Filtering Spin and Orbital Moment in Centrosymmetric Systems

TL;DR

This paper demonstrates that orbital and spin moment filtering can be achieved in centrosymmetric systems by manipulating orbital couplings and symmetry conditions, challenging the common notion that inversion symmetry breaking is necessary.

Contribution

It introduces a novel mechanism for orbital and spin filtering in centrosymmetric systems through symmetry-controlled orbital couplings and atomic spin-orbit interaction.

Findings

Orbital moment filtering can occur without inversion symmetry breaking.

Symmetry conditions for orbital filtering depend on orbital coupling orientations.

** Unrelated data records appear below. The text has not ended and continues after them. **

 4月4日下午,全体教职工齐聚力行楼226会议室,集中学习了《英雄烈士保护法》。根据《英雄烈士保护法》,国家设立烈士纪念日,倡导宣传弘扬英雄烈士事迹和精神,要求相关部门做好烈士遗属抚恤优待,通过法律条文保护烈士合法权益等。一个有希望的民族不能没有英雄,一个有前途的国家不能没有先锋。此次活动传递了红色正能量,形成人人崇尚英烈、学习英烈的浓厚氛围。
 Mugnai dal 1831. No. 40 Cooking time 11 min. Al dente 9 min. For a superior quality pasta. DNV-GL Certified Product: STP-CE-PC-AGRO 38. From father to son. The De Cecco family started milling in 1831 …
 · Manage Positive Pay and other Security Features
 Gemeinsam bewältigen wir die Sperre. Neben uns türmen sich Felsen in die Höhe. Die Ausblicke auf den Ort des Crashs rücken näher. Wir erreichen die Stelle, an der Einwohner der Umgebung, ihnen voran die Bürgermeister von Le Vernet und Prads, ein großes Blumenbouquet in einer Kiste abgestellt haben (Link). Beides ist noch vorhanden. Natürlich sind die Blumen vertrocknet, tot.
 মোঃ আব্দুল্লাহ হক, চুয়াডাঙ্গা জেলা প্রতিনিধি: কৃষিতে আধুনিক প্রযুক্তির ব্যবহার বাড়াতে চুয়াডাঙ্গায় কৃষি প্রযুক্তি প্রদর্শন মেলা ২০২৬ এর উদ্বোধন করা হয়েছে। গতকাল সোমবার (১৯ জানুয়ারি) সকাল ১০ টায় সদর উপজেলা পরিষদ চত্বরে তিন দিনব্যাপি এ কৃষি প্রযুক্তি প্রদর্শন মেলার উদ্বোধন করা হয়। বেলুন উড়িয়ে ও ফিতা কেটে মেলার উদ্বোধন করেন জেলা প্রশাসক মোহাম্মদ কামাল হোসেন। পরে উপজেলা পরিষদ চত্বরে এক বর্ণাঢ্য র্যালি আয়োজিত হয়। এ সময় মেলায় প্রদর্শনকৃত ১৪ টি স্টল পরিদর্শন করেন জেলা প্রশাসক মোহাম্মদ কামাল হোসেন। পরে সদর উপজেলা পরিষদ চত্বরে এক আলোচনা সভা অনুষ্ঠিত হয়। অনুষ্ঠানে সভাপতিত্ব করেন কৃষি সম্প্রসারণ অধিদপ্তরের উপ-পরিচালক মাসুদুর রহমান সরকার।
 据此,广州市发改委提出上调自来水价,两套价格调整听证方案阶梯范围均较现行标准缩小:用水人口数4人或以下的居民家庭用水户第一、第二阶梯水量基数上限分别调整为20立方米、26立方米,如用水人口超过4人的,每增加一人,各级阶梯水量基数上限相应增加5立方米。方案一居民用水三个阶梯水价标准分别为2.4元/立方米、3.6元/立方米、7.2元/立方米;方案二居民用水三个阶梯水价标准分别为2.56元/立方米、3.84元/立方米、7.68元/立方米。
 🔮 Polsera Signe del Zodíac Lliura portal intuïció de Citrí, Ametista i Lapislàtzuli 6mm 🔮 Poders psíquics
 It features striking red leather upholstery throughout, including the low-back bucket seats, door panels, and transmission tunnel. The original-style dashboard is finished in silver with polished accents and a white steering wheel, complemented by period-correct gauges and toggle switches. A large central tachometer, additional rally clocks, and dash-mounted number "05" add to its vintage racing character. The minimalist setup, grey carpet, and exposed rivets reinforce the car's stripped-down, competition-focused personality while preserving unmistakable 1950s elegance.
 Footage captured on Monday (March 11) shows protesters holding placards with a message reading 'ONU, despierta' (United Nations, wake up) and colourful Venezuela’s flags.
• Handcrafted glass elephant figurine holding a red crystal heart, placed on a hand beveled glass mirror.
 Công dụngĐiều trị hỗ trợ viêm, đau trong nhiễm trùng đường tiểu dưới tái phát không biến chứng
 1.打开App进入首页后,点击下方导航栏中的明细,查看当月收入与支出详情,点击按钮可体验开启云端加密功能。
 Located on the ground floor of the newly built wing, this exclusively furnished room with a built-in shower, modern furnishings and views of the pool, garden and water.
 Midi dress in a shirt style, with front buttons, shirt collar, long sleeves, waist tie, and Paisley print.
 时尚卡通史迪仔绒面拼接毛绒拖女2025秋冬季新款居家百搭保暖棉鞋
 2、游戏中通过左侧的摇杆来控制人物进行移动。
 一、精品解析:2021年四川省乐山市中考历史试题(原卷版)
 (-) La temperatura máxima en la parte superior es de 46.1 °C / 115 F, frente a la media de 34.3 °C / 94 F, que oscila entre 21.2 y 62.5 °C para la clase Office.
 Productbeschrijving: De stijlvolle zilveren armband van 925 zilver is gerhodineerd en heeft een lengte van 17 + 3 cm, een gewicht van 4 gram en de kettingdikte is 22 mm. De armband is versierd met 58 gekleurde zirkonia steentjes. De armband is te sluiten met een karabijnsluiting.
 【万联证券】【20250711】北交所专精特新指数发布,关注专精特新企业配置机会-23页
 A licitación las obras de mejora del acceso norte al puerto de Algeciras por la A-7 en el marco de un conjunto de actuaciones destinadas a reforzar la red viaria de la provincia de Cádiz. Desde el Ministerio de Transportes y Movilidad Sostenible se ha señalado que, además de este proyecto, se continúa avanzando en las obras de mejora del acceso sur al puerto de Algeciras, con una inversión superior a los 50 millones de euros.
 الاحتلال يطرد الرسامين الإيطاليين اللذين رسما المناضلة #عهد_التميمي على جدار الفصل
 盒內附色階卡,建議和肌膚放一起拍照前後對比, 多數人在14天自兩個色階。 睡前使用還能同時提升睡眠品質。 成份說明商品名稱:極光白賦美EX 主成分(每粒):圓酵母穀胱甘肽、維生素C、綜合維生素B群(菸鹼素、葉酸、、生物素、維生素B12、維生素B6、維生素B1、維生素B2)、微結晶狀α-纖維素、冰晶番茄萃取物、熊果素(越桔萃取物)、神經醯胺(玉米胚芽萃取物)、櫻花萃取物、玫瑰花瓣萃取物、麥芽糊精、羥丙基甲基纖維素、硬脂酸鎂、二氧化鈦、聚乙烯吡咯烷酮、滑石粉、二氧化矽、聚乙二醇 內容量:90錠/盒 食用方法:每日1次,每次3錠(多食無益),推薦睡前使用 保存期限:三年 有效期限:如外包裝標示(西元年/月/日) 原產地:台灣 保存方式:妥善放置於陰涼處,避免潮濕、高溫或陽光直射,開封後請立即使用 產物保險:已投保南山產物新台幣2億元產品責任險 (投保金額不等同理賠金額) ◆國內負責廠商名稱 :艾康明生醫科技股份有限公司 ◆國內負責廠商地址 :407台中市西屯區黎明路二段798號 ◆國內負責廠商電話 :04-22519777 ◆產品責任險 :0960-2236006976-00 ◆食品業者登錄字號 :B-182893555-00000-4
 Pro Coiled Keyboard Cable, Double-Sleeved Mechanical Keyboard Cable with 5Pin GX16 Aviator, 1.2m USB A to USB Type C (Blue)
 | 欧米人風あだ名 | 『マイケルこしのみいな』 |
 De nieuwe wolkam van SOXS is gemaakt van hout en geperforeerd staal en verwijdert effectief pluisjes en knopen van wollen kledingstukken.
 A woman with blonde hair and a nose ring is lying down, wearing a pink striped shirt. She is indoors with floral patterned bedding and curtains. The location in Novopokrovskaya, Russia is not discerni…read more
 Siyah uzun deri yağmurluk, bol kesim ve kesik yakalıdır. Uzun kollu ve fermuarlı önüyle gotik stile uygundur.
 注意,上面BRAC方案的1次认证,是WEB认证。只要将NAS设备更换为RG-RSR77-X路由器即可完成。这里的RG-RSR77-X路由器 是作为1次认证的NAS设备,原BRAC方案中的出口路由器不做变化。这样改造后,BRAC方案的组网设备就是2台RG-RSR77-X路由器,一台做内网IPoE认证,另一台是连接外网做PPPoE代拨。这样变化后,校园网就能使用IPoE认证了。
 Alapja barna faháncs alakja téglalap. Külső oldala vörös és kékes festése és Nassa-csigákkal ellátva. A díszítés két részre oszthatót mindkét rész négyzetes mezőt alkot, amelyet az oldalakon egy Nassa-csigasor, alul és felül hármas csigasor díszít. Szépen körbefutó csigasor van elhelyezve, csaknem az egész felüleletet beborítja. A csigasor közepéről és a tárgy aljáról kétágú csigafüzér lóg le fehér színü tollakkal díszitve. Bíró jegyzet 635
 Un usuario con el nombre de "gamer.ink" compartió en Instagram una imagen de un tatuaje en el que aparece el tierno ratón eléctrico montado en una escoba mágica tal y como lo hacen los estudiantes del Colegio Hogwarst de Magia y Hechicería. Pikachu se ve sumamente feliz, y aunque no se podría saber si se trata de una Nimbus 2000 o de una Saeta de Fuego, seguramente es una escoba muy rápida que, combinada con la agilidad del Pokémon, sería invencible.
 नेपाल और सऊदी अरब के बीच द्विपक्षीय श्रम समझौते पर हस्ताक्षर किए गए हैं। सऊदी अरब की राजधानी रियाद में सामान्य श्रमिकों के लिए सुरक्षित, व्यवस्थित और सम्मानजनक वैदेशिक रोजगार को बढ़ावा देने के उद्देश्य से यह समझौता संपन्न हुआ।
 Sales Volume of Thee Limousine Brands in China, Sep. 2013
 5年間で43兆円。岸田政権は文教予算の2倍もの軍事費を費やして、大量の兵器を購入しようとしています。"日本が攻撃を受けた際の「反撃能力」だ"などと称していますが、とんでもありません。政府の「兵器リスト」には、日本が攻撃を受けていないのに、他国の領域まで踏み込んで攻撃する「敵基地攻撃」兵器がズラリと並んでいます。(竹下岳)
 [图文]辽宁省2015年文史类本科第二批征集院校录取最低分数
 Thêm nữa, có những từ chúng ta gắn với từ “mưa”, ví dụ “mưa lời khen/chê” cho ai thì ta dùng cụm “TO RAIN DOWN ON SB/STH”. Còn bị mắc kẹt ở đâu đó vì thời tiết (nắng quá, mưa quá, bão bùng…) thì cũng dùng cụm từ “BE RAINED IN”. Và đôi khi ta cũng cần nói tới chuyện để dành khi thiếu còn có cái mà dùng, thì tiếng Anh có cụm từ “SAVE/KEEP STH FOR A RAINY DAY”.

Atomic spin-orbit interaction enables simultaneous spin and orbital filtering.

Abstract

The control of spin and orbital angular momentum without relying on magnetic materials is commonly accomplished by breaking of inversion symmetry, which enables charge-to-spin conversion and spin selectivity in electron transfer processes occurring in chiral media. In contrast to this perspective, we show that orbital moment filtering can be accomplished in centrosymmetric systems: the electron states can be selectively manipulated allowing for the preferential transfer of electrons with a particular orbital momentum orientation. We find that orbital moment filtering is indeed efficiently controlled through orbital couplings that break both mirror and rotational symmetries. We provide the symmetry conditions required for the electron transmission to achieve orbital filtering and relate them to the orientation of the orbital moment. The presence of atomic spin-orbit interaction in the centrosymmetric transmission medium leads to the selective filtering of spin and orbital moments. Our findings allow to identify optimal regimes for having highly efficient simultaneous spin and orbital moment filtering.